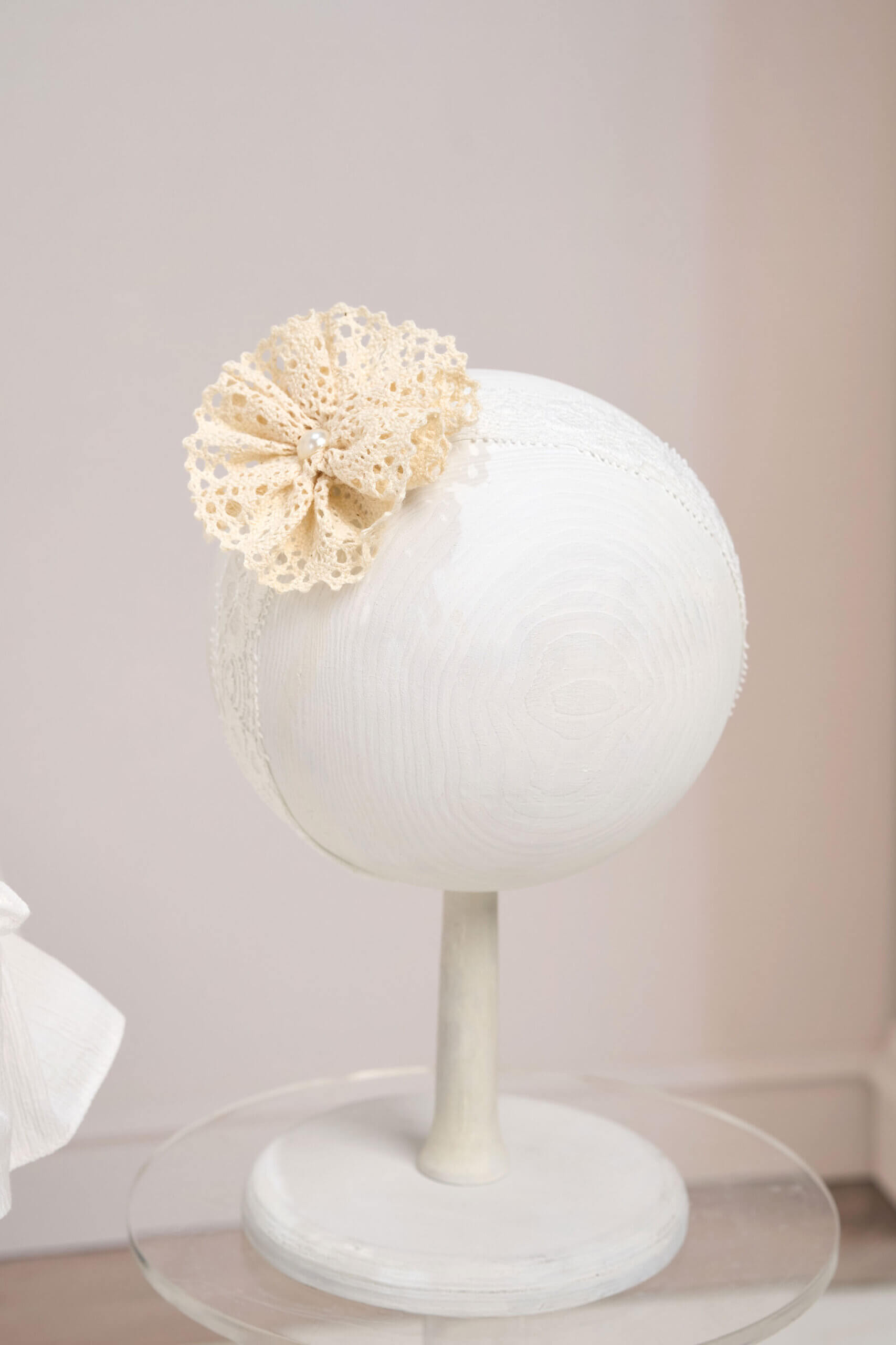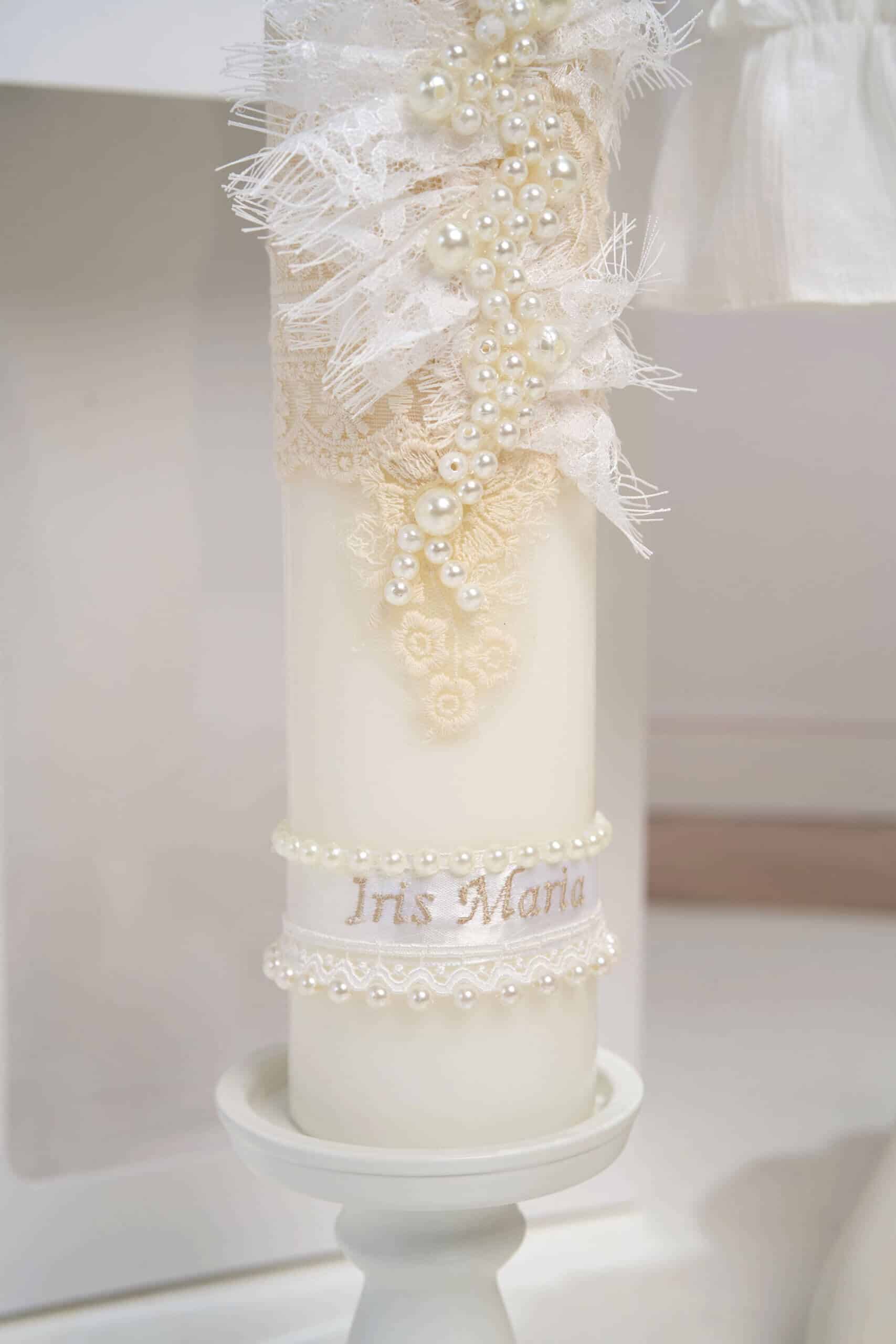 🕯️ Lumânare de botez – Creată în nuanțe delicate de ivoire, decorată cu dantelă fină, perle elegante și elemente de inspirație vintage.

...

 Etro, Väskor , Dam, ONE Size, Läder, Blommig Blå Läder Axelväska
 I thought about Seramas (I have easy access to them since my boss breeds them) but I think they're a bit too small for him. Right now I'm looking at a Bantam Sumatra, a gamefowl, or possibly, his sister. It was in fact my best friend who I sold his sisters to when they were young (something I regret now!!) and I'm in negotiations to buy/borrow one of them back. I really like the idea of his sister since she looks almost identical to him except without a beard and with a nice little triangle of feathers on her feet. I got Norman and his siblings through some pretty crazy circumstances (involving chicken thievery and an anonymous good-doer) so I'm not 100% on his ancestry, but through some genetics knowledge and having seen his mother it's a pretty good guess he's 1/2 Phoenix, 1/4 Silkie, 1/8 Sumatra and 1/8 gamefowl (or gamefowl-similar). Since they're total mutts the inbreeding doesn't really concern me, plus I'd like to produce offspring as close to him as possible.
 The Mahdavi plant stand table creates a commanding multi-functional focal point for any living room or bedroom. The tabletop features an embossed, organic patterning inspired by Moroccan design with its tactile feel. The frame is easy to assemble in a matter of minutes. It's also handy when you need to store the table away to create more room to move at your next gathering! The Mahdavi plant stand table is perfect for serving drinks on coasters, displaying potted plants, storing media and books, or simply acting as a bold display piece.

* [THE PROBLEM] From the entries above, return exactly the line containing "Etro, Väskor , Dam, ONE", the line containing "I thought about", and all lines between, and nothing else.

* [TASK ANSWER]
 Etro, Väskor , Dam, ONE Size, Läder, Blommig Blå Läder Axelväska
 I thought about Seramas (I have easy access to them since my boss breeds them) but I think they're a bit too small for him. Right now I'm looking at a Bantam Sumatra, a gamefowl, or possibly, his sister. It was in fact my best friend who I sold his sisters to when they were young (something I regret now!!) and I'm in negotiations to buy/borrow one of them back. I really like the idea of his sister since she looks almost identical to him except without a beard and with a nice little triangle of feathers on her feet. I got Norman and his siblings through some pretty crazy circumstances (involving chicken thievery and an anonymous good-doer) so I'm not 100% on his ancestry, but through some genetics knowledge and having seen his mother it's a pretty good guess he's 1/2 Phoenix, 1/4 Silkie, 1/8 Sumatra and 1/8 gamefowl (or gamefowl-similar). Since they're total mutts the inbreeding doesn't really concern me, plus I'd like to produce offspring as close to him as possible.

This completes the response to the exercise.